Ellard had vowed long ago to treat the people of Yuneetah the same as he would his first cousin. They all felt like kin to him, especially Annie Clyde Dodson, since he’d grown up with her mother and her aunt. Now driving farther into the foothills he hoped he hadn’t made things worse for her by turning Clarence Harville against him. Once he was across the steel bridge the first splatters of rain hit Ellard’s windshield. By the time he reached Yuneetah it was falling in curtains across the hood. His tires spun on the way down the slope into town, churning in the ruts made by other vehicles passing or getting stuck that way while he was gone. As he drove through the square he saw two uniformed men standing on the courthouse steps, one lighting a cigarette behind his cupped palm. Deputies from Sevier County, not state police. He nodded to them but didn’t slow down. He meant to put off dealing with any more outsiders as long as he could. Aside from them the town square was empty of lawmen and searchers. They were likely using the Walker farm as their base of operations. Ellard headed that way, listening to the distant cries of the men and women spread out through the pines bordering the fields along the road before cranking up his window against the weather. He would see about the Dodsons, but Amos was his priority. He didn’t need the state police. Ellard knew the drifter and his habits better than they did anyway.
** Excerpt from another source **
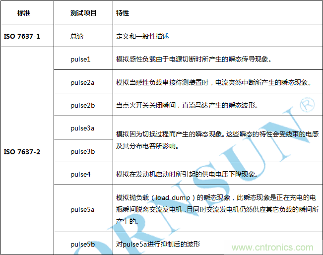 針對(duì)汽車電子自身產(chǎn)生的干擾,國(guó)際無(wú)線電干擾委員會(huì)(CISPR)對(duì)汽車電子業(yè)提出了嚴(yán)格的要求,尤其是車載收音機(jī)、數(shù)字電視、導(dǎo)航設(shè)備都是這種干擾的重災(zāi)區(qū)。所以 CISPR25:用于保護(hù)車載接收機(jī)的無(wú)線電騷擾特性的限值和測(cè)試方法,對(duì)汽車電子自身的發(fā)射狀態(tài)也有了明確的等級(jí)判定。EMS方面的測(cè)試項(xiàng)目如下所示:

He had almost reached the farm when he saw Silver Ledford at the side of the road. She was coming down the bank across from the cornfield, her pale ankle flashing in the chicory as she stepped across the gully. Silver was unmistakable as anybody else. She possessed her own wild beauty, like bark and quartz rocks and flowering weeds. As she hurried ahead of the car Ellard sped up to pull alongside her. She glanced his way but kept walking in her liver-colored dress. He cranked the window back down, chill droplets splashing in on him. “Silver Ledford,” he called. She tucked her chin, pretending not to hear. He blasted the siren mounted on his front fender once and she stopped where she was, glowering as if he had slapped her. He reached across the seat and pushed open the passenger door for her. “Get in. I won’t keep you long.” She looked at him for another second before climbing inside. He turned off the engine, the downpour battering the roof. He closed up the window, the cornfield and the weedy bank blurring out of focus. “Why didn’t you go to Annie Clyde last night?” he asked. “I sent somebody after you.”